The first purpose is to increase the compression ratio of a trace data.
Larger data chunks are compressed more effectively so the implemented
option allows specifying data chunk size to compress. Also at some cases
executing more write syscalls with smaller data size can take longer
than executing less write syscalls with bigger data size due to syscall
overhead so extracting bigger data chunks specified by the option value
could additionally decrease runtime overhead.
The second purpose is to avoid self monitoring live-lock issue in system
wide (-a) profiling mode. Profiling in system wide mode with compression
(-a -z) can additionally induce data into the kernel buffers along with
the data from monitored processes. If performance data rate and volume
from the monitored processes is high then trace streaming and
compression activity in the tool is also high.
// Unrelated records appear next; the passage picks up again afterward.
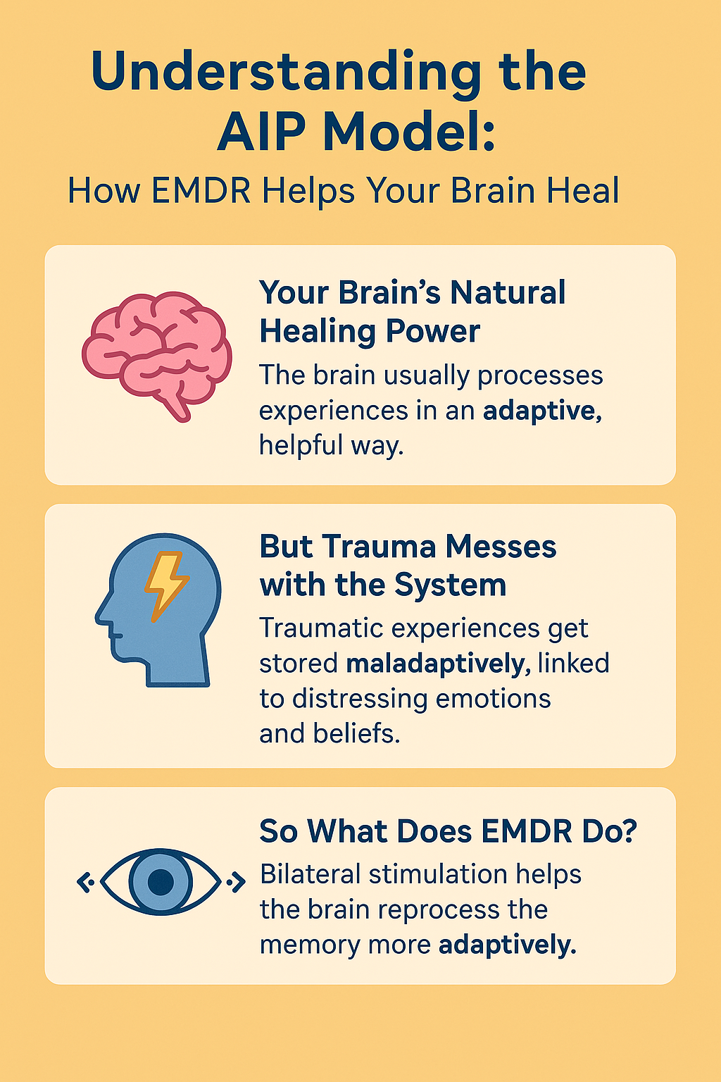 Ever wonder how EMDR actually works? The secret sauce behind EMDR therapy is something called the Adaptive Information Processing (AIP) model—a fancy name for something your brain is actually built to do: heal.
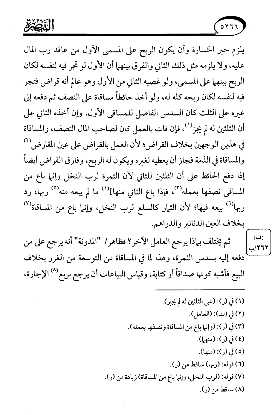يلزم جبر الخسارة وأن يكون الربح على المسمى الأول من عاقد رب المال عليه، ولا يلزمه مثل ذلك الثاني والفرق بينهما أن الأول لو تجر فيه لنفسه لكان الربح بينهما على المسمى، ولو غصبه الثاني من الأول وهو عالم أنه قراض فتجر فيه لنفسه لكان ربحه كله له، ولو أخذ حائطًا مساقاة على النصف ثم دفعه إلى غيره على الثلث كان السدس الفاضل للمساقى الأول. وإن أخذه الثاني على أن الثلثن له لم يجز (¬1)، فإن فات بالعمل كان لصاحب المال النصف، والمساقاة في هذين الوجهين بخلاف القراض؛ لأن العمل بالقراض على عين المقارض (¬2) والمساقاة في الذمة فجاز أن يعطيه لغيره ويكون له الربح، وفارق القراض أيضًا إذا دفع الحائط على أن الثلثين للثاني لأن الثمرة لرب النخل وإنما باع من المساقى نصفها بعمله (¬3)، فإذا باع الثاني منها] (¬4) ما لم يبعه منه (¬5) ربها، رد ربها (¬6) بيعه فيها؛ لأن الثمار كالسلع لرب النخل، وإنما باع من المساقاة (¬7) بخلاف العين الدنانير والدراهم.
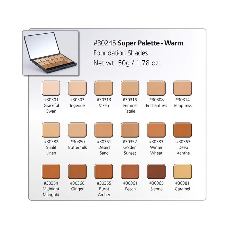 - MULTIUSE PALETTE: Our makeup palette for warm undertones can be used as a foundation, corrector, and contouring palette. Its intensive color variation complements all yellow and golden skin tones. This foundation palette kit is an excellent choice for anyone who wants to create various makeup looks.
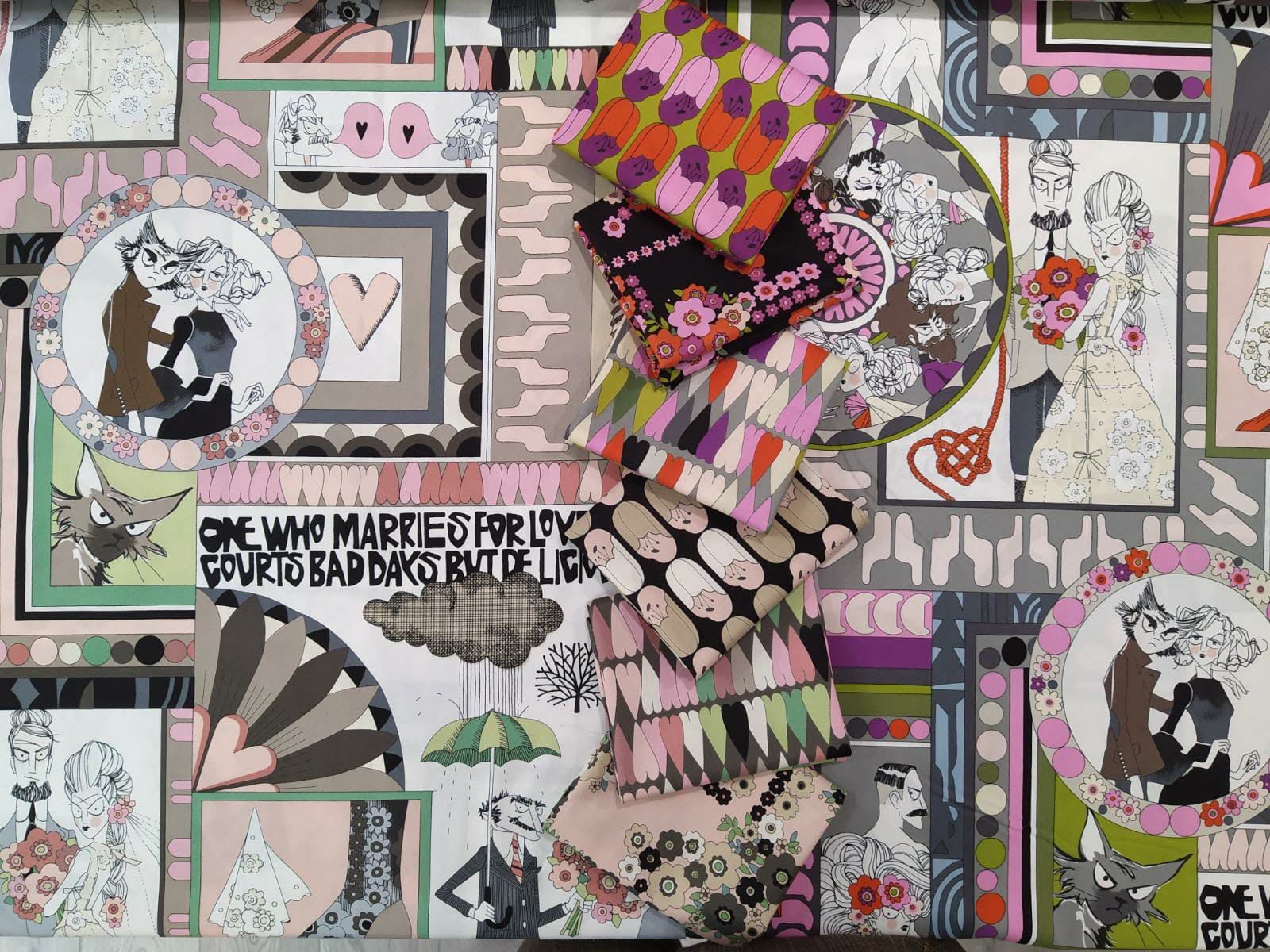 Quello che scopriamo attraverso la collezione appena arrivata è che sono innamorati: le nuove fantasie ci regalano scatti inediti del matrimonio dei capofamiglia (sapete che c’è pure un dettaglio “hard” che mi ha fatto cancellare un post da Facebook?) e fanno chiacchierare d’amore tutti i membri della famiglia, mentre il fidato ed austero maggiordomo offre drink a base di pozioni d’amore di uno spettacolare colore verde. L’unico che pare immune all’innamoramento generale ed osserva tutti con scetticismo pare essere il gatto di famiglia, che da nero è diventato verde.
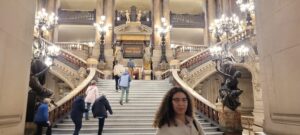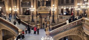 A l’opéra, la guide vient nous chercher et nous fait visiter ce lieu extraordinaire créé par M. Garnier. Nous sommes divisés en 2 groupes afin de profiter pleinement de la visite et des explications qui nous sont données dans les audio-guides.
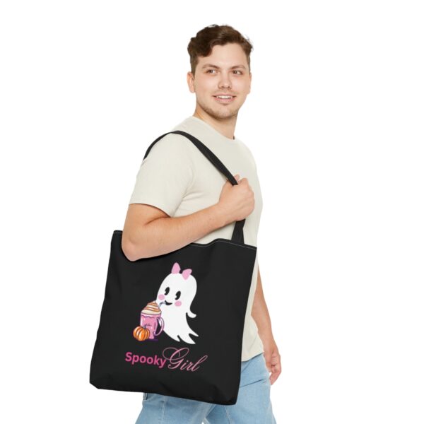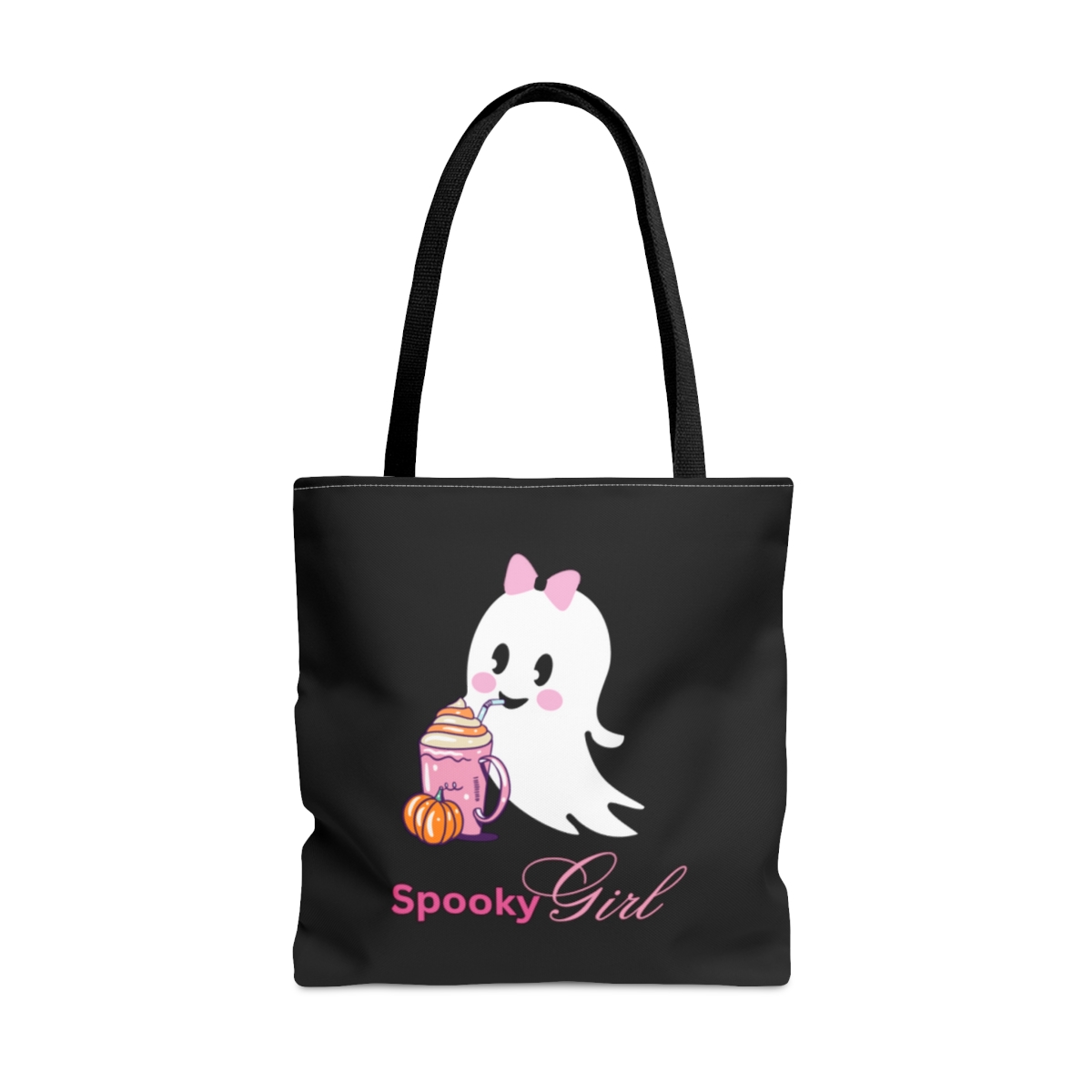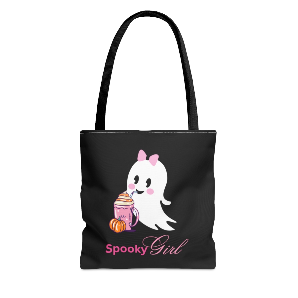 Discover the perfect blend of fashion and functionality in our exclusive collection of spooky tote bags. Our signature design features a cute ghost sipping from a cup, accompanied by the message “Spooky Girl” and a charming little pumpkin—perfect for capturing the essence of the season while adding a touch of whimsy to your look!
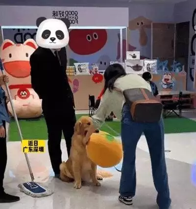 简直不要太搞笑,铲屎官带着自家金毛去逛商场。
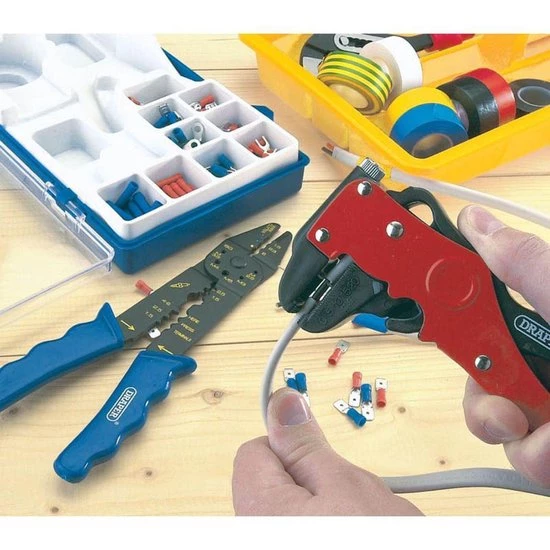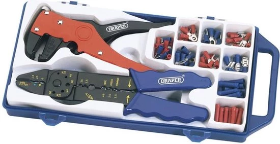 Deze Draper Tools Krimptang en draadstripperset is een ideale professionele gereedschapsset voor het moeiteloos krimpen, strippen en knippen van draden. Deze set bestaat uit krimptang van 230 mm met krimpontstekingsklemmen en een draadstripper van 165 mm, beiden met lichtgewicht stalen behuizingen, een handige draagkoffer en ongeveer 100 kleurgecodeerde, geïsoleerde krimpklemmen in verschillende maten. De krimptang is ook geschikt voor het knippen van draad-, kabel- en nylon bouten en het krimpen van ronde en vierkante niet-geïsoleerde aansluitingen. Dankzij de spanningsregeling zijn de draadstrippers perfect voor het verwijderen van draadisolatie tot een lengte van 14 mm.
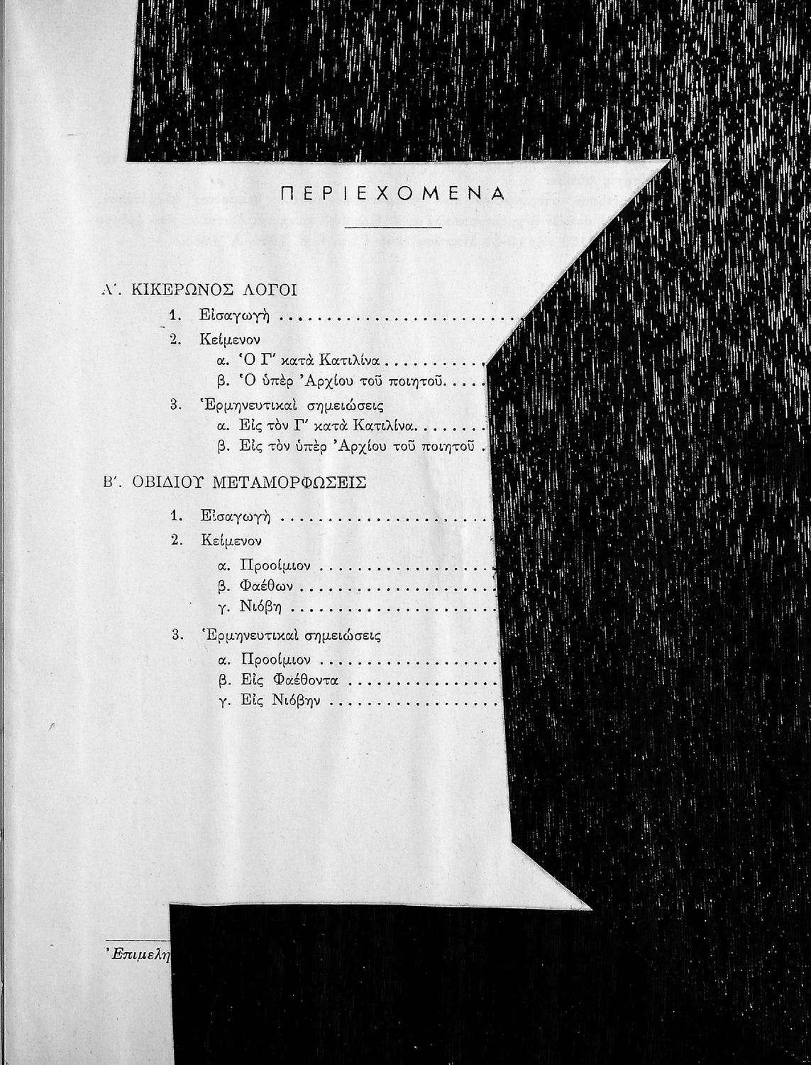 Κικέρωνος Λόγοι Ο Γ΄ κατά Κατιλίνα και ο υπέρ Αρχίου του ποιητού, Οβίδιου Μεταμορφώσεις (Εκλογαί) δια την Ε΄ τάξιν των Γυμνασίων
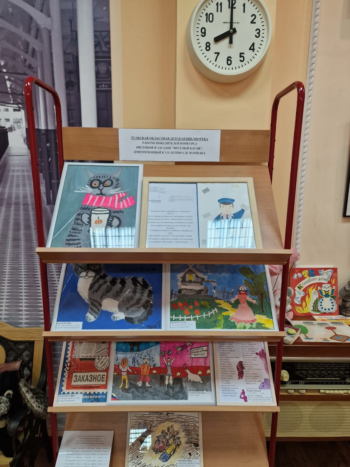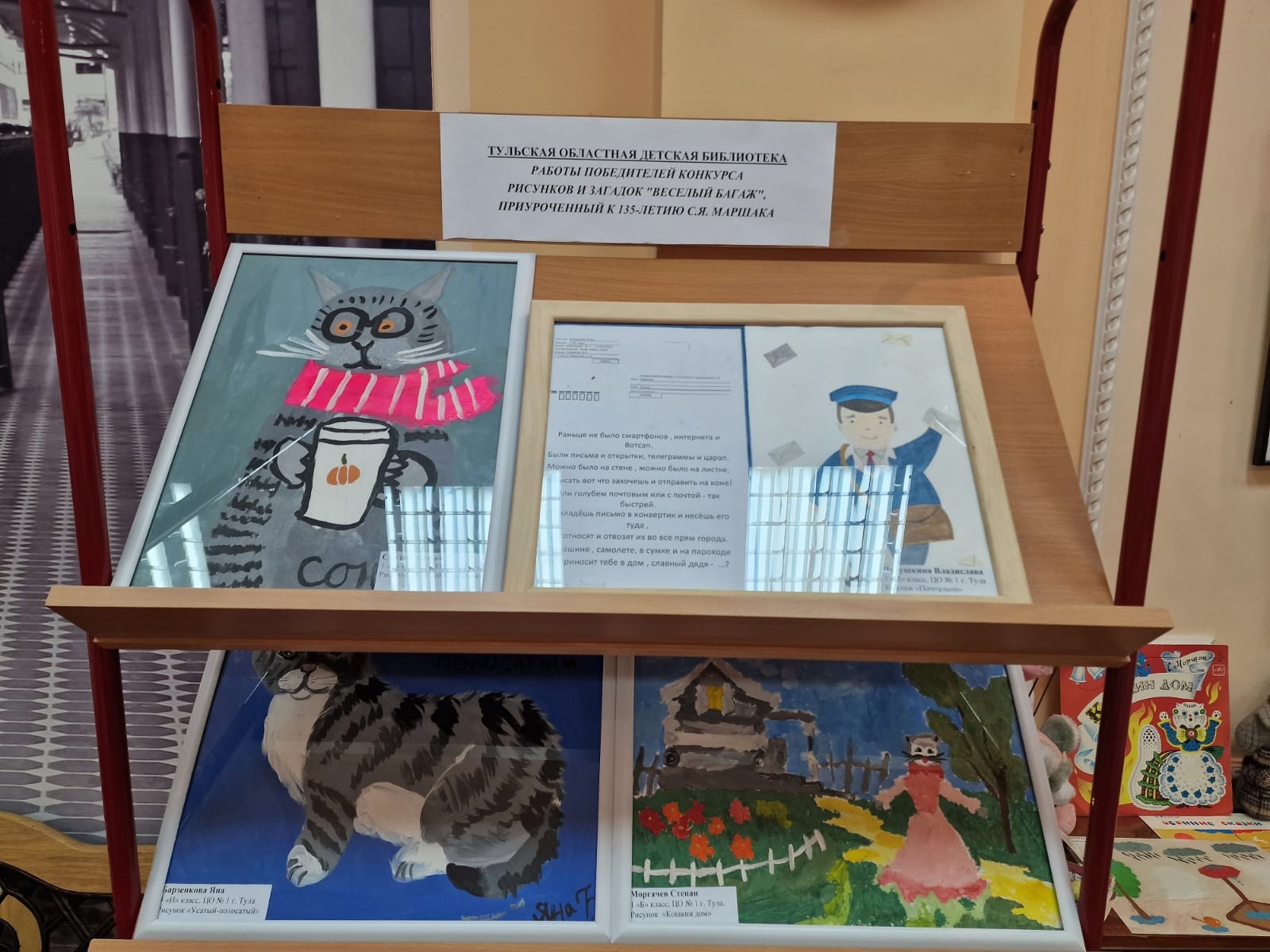 Среди победителей конкурса «Весёлый багаж», проводившегося в Тульской областной детской библиотеке в течение октября, были отобраны несколько работ, которые отправились в Мемориальный литературно-просветительский музей С. Я. Маршака при ИСПО им. К. Д. Ушинского ГАОУ ВО «МГПУ». Это картины Илюхиной Алисы, Моргачева Степана, Савичевой Валерии, Барзенковой Яны, Сердюк Софии, коллажи и загадки Подушкиной Владиславы и Малютиной Софьи, стихотворение Рыжик Милены, проиллюстрированное коллажем из работ Щучкиной Ксении, Ефановой Софии, Оларь Софии, Трухановой Софьи, Сальниковых Полины и Тимура, Мазуровой Софьи. В музее уже оформили тематическую зону!
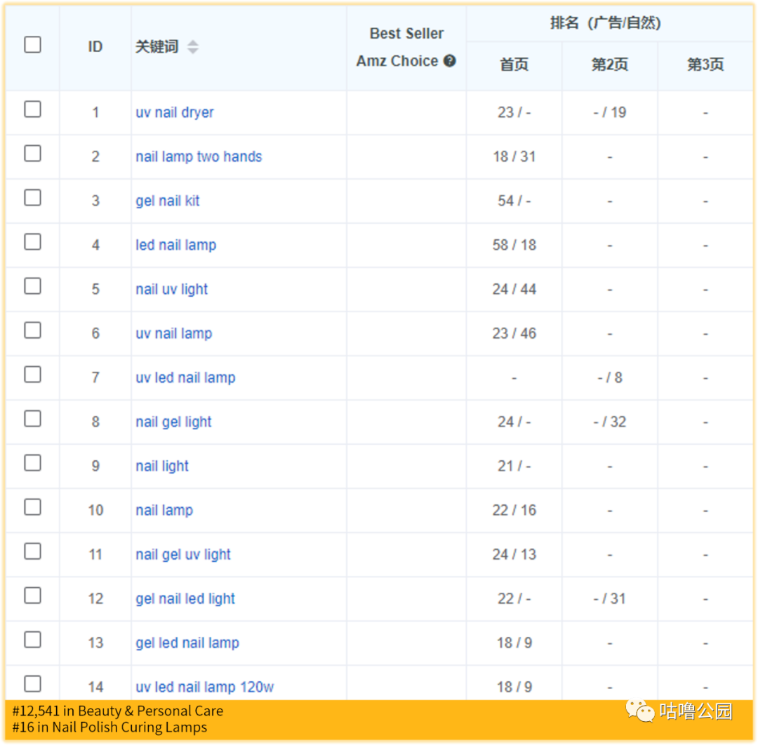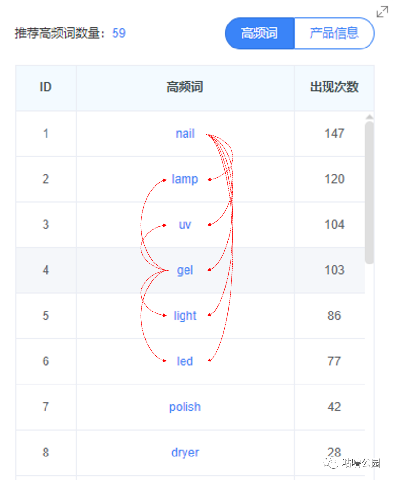 。我们认为词根最好是只由2~3个单词组成,而且是高频出现的词,于是从反查竞品数据里,我们找到这类产品的词根分别是:Nail lamp, nail uv, nail gel,nail light, nail led ,gel lamp,gel uv, gel light, gel led。

High tool process
activity can lead to subtle live-lock effect when compression of single
new byte from some of mmaped kernel buffer leads to generation of the
next single byte at some mmaped buffer. So perf tool process ends up in
endless self monitoring.
Implemented synch parameter is the mean to force data move independently
from the specified flush threshold value. Despite the provided flush
value the tool needs capability to unconditionally drain memory buffers,
at least in the end of the collection.
Committer testing:
Running with the default value, i.e. as soon as there is something to
read go on consuming, we first write the synthesized events, small
chunks of about 128 bytes:
# perf trace -m 2048 --call-graph dwarf -e write -- perf record
<SNIP>
101.142 ( 0.004 ms): perf/25821 write(fd: 3</root/perf.data>, buf: 0x210db60, count: 120) = 120
__libc_write (/usr/lib64/libpthread-2.28.so)
ion (/home/acme/bin/perf)
record__write (inlined)
process_synthesized_event (/home/acme/bin/perf)
perf_tool__process_synth_event (inlined)
perf_event__synthesize_mmap_events (/home/acme/bin/perf)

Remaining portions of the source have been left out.